It's people who have sex with the lights off versus people who enjoy
bondage. It's people who believe in ascetic lives versus those who
find indulgence the most scenic path to intellectual liberation.
Because the war on people (ups, drugs
) stems from puritan
morality, it's fraught with hypocrisy, intolerance, paternalism,
dogma, self-righteousness. For this reason, the anti-drug movement,
far from being clear-headed, only chooses to see and hear what reinforces
their stand, which is entrenched by the sweat of personal struggle.
A month ago in the US, for example, the National Academy of Sciences
issued the report of a study assessing the effectiveness of the
Just Say No' anti-drug education drive in schools. The study
shows that raising students on the Just Say No diet made no difference
in their attitude to drugs (and their consequent dabbling with drugs)
when compared to students who were not exposed to the campaign.
But instead of listening, DARE (Drug Abuse Resistance Education),
who ran the educational campaign, called the study voodoo
science.' What this absurd statement by DARE's chief Glenn Levant
demonstrates is that the people fighting the drugs war by moral
conviction are so personally involved and obsessed in their daily
struggle that they would rather continue ploughing haphazardly than
accept the failure of their labours.
One such person in Malta is Michael Cassar, the anti-drugs chief
in the police force.

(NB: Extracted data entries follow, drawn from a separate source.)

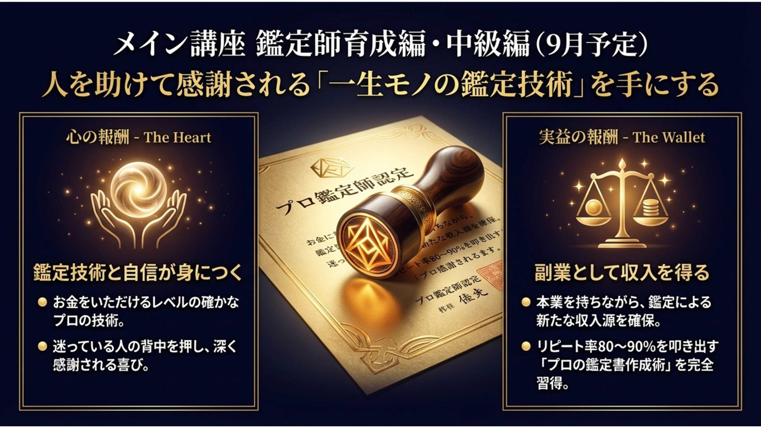 • お客様リピート率80~90%を実現するプロの鑑定書作成術を習得できる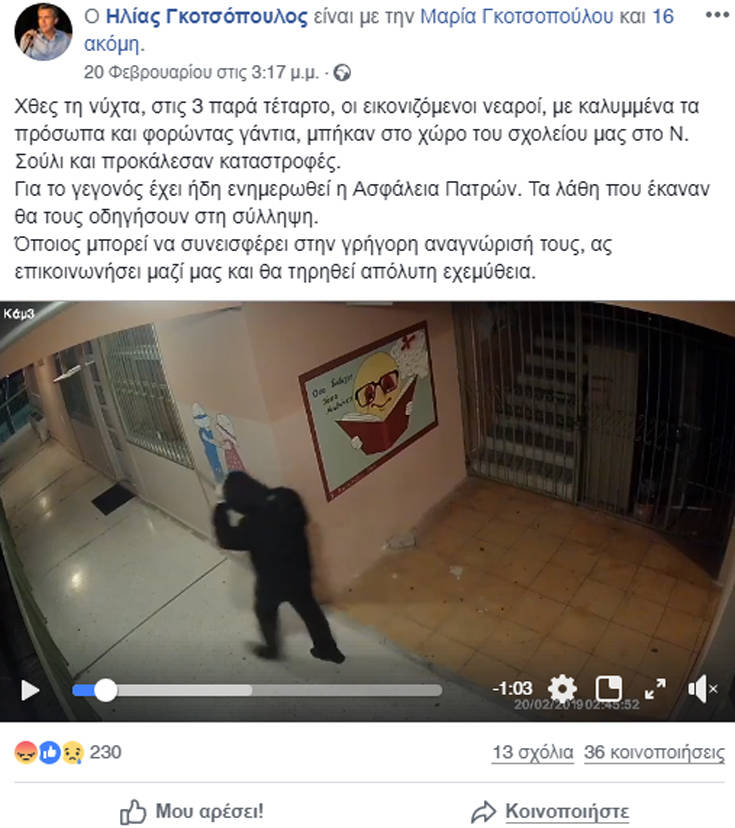 Στόχος νεαρών με καλυμμένα τα χαρακτηριστικά έγινε το Δημοτικό Σχολείο στο Νέο Σούλι της Πάτρας. Οι νεαροί προκάλεσαν φθορές στο σχολείο και η δράση τους καταγράφηκε από την κάμερα ασφαλείας.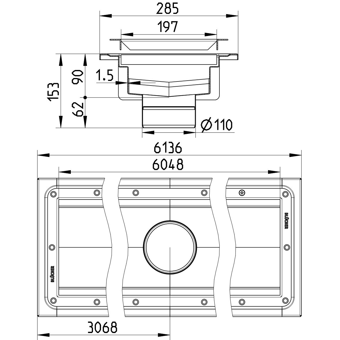 Kanał do winylu 200x6000, z odpływem na środku odpływ DN 110, wymiar zewn. 285 mm x 6136 mm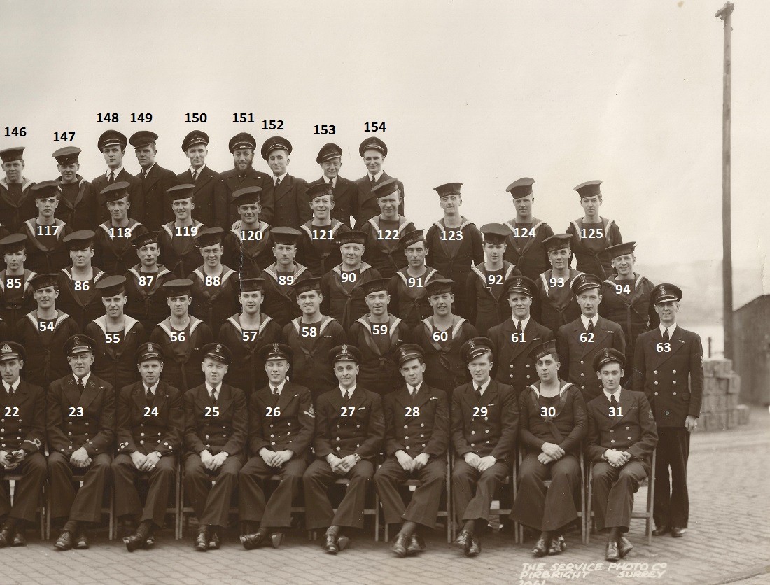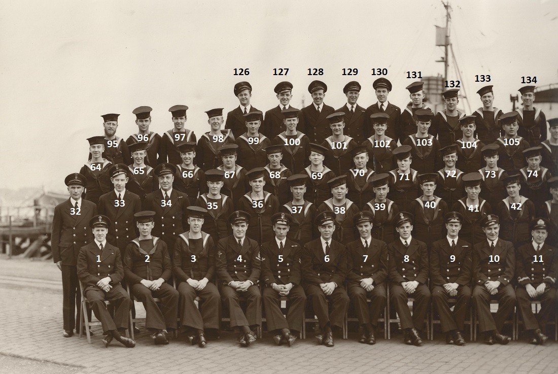 (11) Harris, George Walter (15) Pimlott, Douglas Humphreys, Lt, RCNVR (16) Allan, John Alfred Roberts, LCdr, DSC, C.O. (17) Berry, Arthur (20) Waller, Dalton, Gunnery Officer (22) Donahue, John Joseph, Electrical SLt, RCNVR (44) Grigg, George Walton (48) Campbell, Duncan Hugh (53) Lyon, John Davie (Jack) (76) Gawthrone, Frank Harold (78) Marr, Stewart William (79) MacIsaac, A.D. (82) Richardson, Douglas Lyle, Tel (104) O'Grady, John Wesley (105) Dedul, Jacob Peter (109) Cole, Charles George (110) Biggers, Ronald (114) Stewart, Ira (116) Rivers, Noel B. (136) Simmons, Frank Arthur (141) Gauthier, Fernand (143) Levesque, Abby/Abbie, Sig (of Montreal, QC) (145) McEwan, Hugh Patrick (Toddy)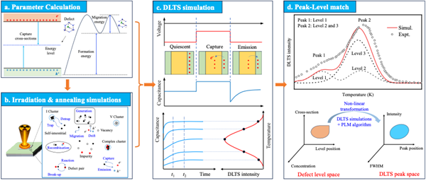 图1. 第一性原理驱动的辐照半导体深能级缺陷多维度鉴定的多尺度模型框架
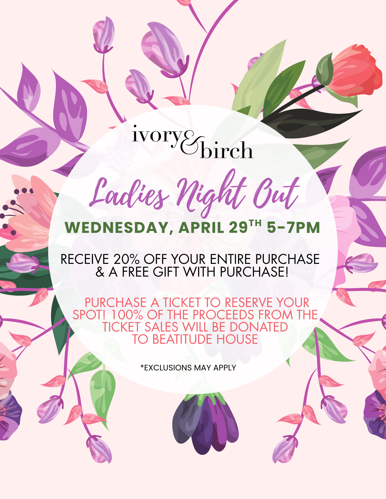 Wednesday, 4/29 Ladies Night Out - TICKET DONATION(0) $10.00 Excl. tax In stock (20) Available in store:Check availabilityAdd to cartLogin for wishlistQuick OrderFree shipping From $200.00DescriptionShareJoin us for a fun night out! Your $10 donation will go directly to the Beatitude House, and you'll enjoy a night of sipping, shopping and 20% off your purchase. You'll also get a fun gift with your $50+ purchase. Facebook Pin it WhatsappAdd to comparison list
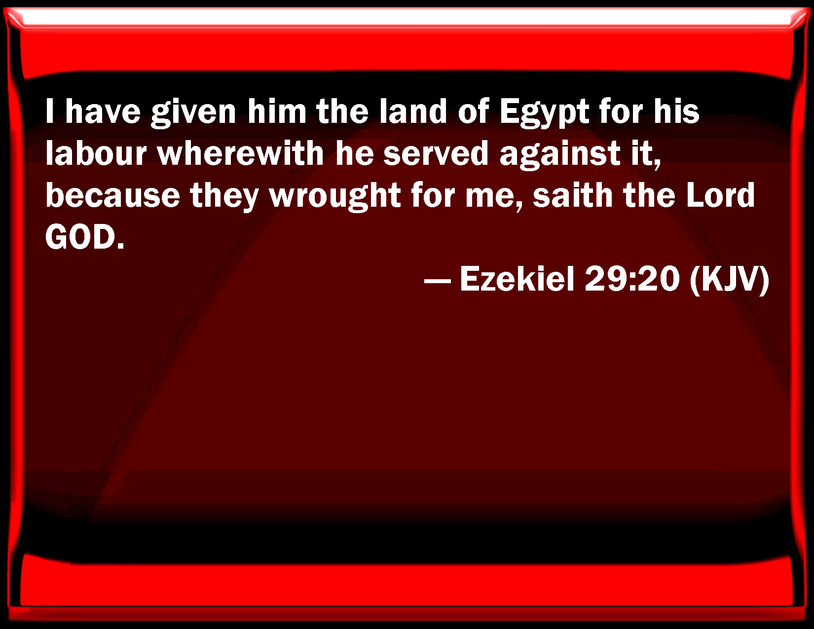 Bible Verse Slide Ezekiel 29:20 I have given him the land of Egypt for his labor with which he served against it, because they worked for me, said the Lord GOD. KJV: I have given him the land of Egypt for his labour wherewith he served against it, because they wrought for me, saith the Lord GOD. DRB: And for the service that he hath done me against it: I have given him the land of Egypt, because he hath laboured for me, saith the Lord God. DBT: I have given him the land of Egypt for his labour wherewith he served against it, because they wrought for me, saith the Lord Jehovah. ERV: I have given him the land of Egypt as his recompence for which he served, because they wrought for me, saith the Lord GOD. WBT: I have given him the land of Egypt for his labor with which he served against it, because they wrought for me, saith the Lord GOD. WEB: I have given him the land of Egypt as his recompense for which he served, because they worked for me, says the Lord Yahweh. YLT: His wage for which he laboured I have given to him, The land of Egypt — in that they wrought for Me, An affirmation of the Lord Jehovah.Links Ezekiel 29:20 NIV • Ezekiel 29:20 NLT • Ezekiel 29:20 ESV • Ezekiel 29:20 NASB • Ezekiel 29:20 KJV • Ezekiel 29:20 Interlinear • Ezekiel 29:20 Commentaries • Ezekiel 29:20 Parallel Texts • Ezekiel 29:20 Bible Apps • Ezekiel 29:20 Parallel • Bible Hub |

I still remember a drugs debate in Xarabank
when James Debono backed an argument by quoting statistics gleaned
from the Netherlands, the leaders in liberal pragmatism. Cassar
said something to the effect: It's not the statistics, it's what
you feel with your hands on the ground. Oh moral crusades
have always been driven by irrational tunnel-vision, and the struggle
becomes an end in itself.
At present in the western world we have seventy-five percent of
the people trying to stop the other twenty-five percent doing drugs.
The war on drugs will collapse when governments realise that a rising
prison population incarcerated for drugs is a measure of failure
not success. Or when they realise that there is only so much money
you can squander on an effort that is not only floundering but has
been a big advert for drugs. Or, more likely, when arising issues
the environment, for example demand the resources
that are now channelled into the war on people.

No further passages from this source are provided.